Sweat broke freely on his brow as the breeze carried away the memories that had seemed so vivid moments before. “Begging your pardon, verea, but I have to kill you.”
He thrust the short blade into her gut. It sank hard and swiftly right into the core of her flesh. She grabbed his arms and tugged him closer until they were face-to-face. The cloak whipped across his hair, lighting sparks of pain along his head that made him reel. For all that she had a sword in her belly, she was the one holding him up.
Her eyes were dark with the grip of pain. Yet she mocked him. “Very polite, I am sure, ver. You were well brought up by your mother and aunties. But you will not kill me this night. You have already told me what I need to know. And you’ll find nothing at Broken Ridge because we’ve already cleared out the rice that was being stored there.”

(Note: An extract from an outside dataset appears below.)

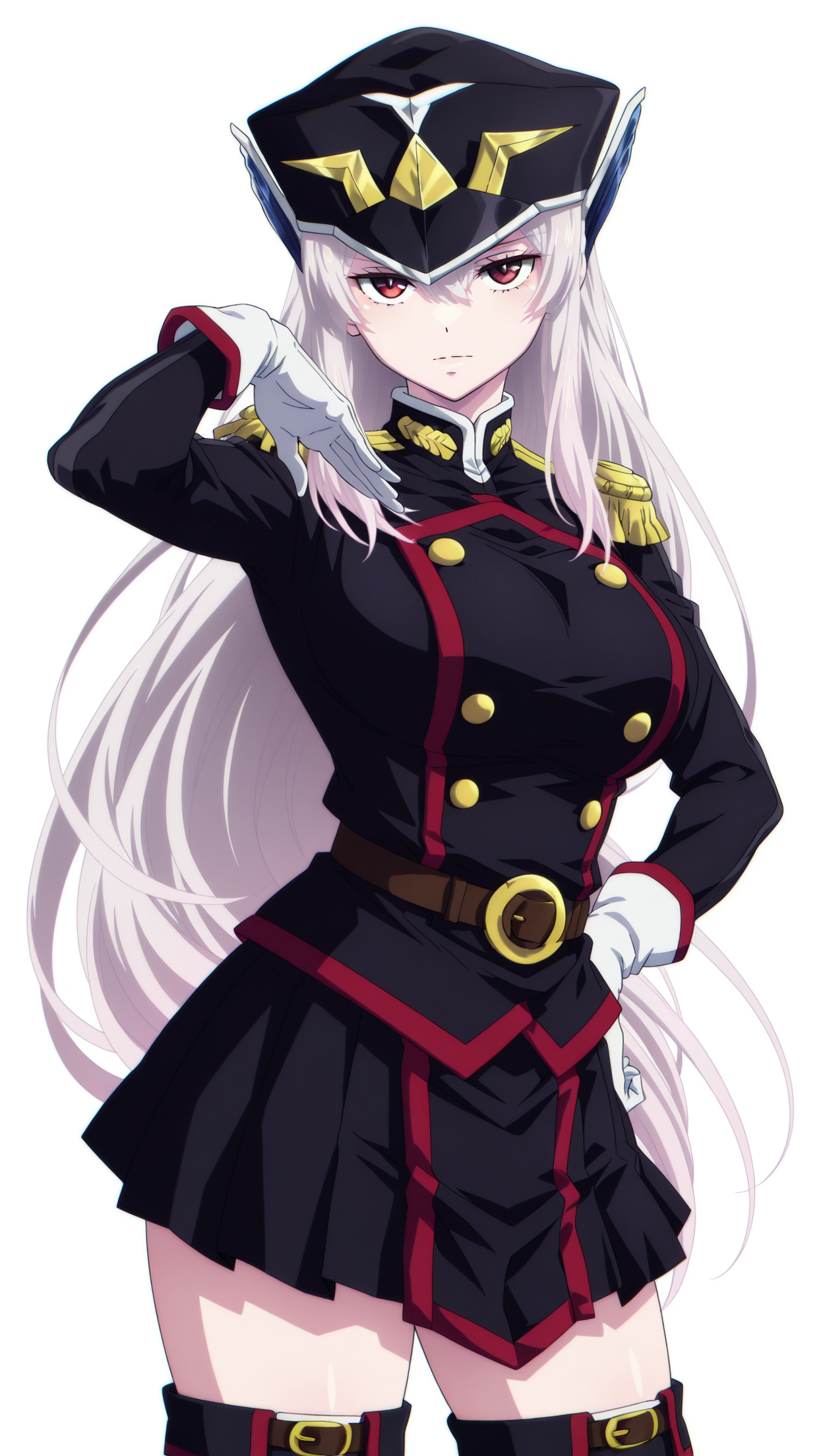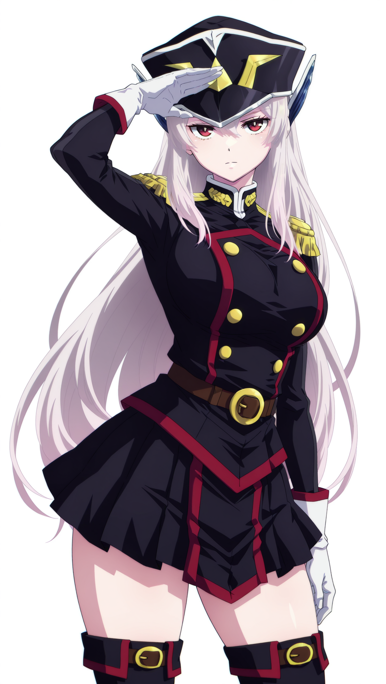 anime coloring, masterpiece, best quality, amazing quality, uz3nky0uk4, 1girl, long hair, silver hair, red eyes, large breasts, peaked cap, hair ornament, military uniform, black uniform, epaulettes, gloves, white gloves, belt, skirt, black skirt, pleated skirt, thigh boots, black footwear, solo, pose, standing, looking at viewer, from front, ((((white background, simple background))))

She shoved him back with more strength than any human could possibly muster. His sword was dragged out of her flesh. She slammed him across the chest with the palm of her hand. The blow lifted him off his feet, and he hit full on his back and lay there, stunned, as a vast cloud of wings filled his vision. Ez was still whimpering on the ground beside him, face and hands blistered with a fierce burn, but even so the young soldier was trying to roll over to stand.

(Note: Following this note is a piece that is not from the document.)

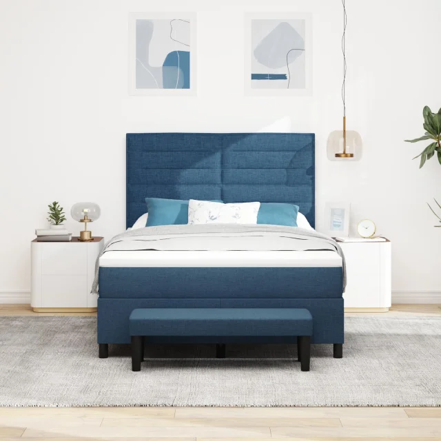 Osvetli svojo spalnico s to vzmetnico s podlago, ki združuje sodoben stil s praktičnimi rešitvami. Čudovit temno modri zaključek in trdne črne noge ustvarjajo šik vzdušje, ki oživi dekor in ti omogoči dober spanec.

Kellas climbed laboriously to his feet, dizzy and stumbling, but it was already too late. The de
mon mounted a winged horse and flew off into the night.
Hooves pounded. Men shouted. The lights swayed drunkenly. Soldiers approached.

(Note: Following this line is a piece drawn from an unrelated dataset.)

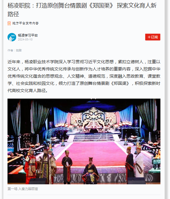 近年来,304am永利深入学习贯彻习近平文化思想,紧扣立德树人,注重以文化人,将中华优秀传统文化传承与创新作为人才培养的重要内容,深入挖掘中华优秀传统文化蕴含的思想观念、人文精神、道德规范,深度融入思政教育、课堂教学、社会实践和校园文化,倾力打造了原创舞台情景剧《郑国渠》,积极探索新时代高校文化育人路径。

With a curse Ezan threw up on Kellas’s boots.
The noise of his retching brought Denni, Battas, and Oyard racing up. After them came the mounted troops with lanterns bobbing and swaying. They converged as Ezan, doubled over, heaved out more bile. Kel took a step out of its way. As Chief Jagi himself arrived, Ezan straightened up with a grimace of pain that hurt to see.
“This cursed hells-ridden limp noodle had the demon within his grasp after I took these cursed burns stopping her in her tracks. But she got away from him. Ass!”
Chief Jagi glanced at Ezan, then at Kellas. Like all the outlander Qin soldiers who had ridden into the Hundred in the company of King Anjihosh, he rarely showed emotion. A narrowed gaze was brutal enough. Disappoint your Qin chief, and he’d simply deem you useless to him and cast you out of the Black Wolves.
“Which way did she run?” Jagi asked.
“She flew off on a horse,” said Kel, his head aching. Lantern light glittered on the blood and spew that streaked his sword. “I got my blade in her gut. It didn’t make a cursed bit of difference.”
“Stupid fuckwit,” said Ezan, and then he fainted from the pain, thank the gods.
Chief Jagi signaled. The troop broke into four groups and spread out to cover the ground all around, but they all knew they would find no trace of the creature.
“You kept your wits about you,” said the chief to Kellas when they two were standing alone.
“I still failed.”
“Next time you’ll kill one. But you know the rules. Any man who speaks to a demon must return to Toskala to give full particulars to the king. Anything else you want to tell me?”
“Yes. The traitor is Aikar.”
2
“And was the traitor Aikar?” asked King Anjihosh.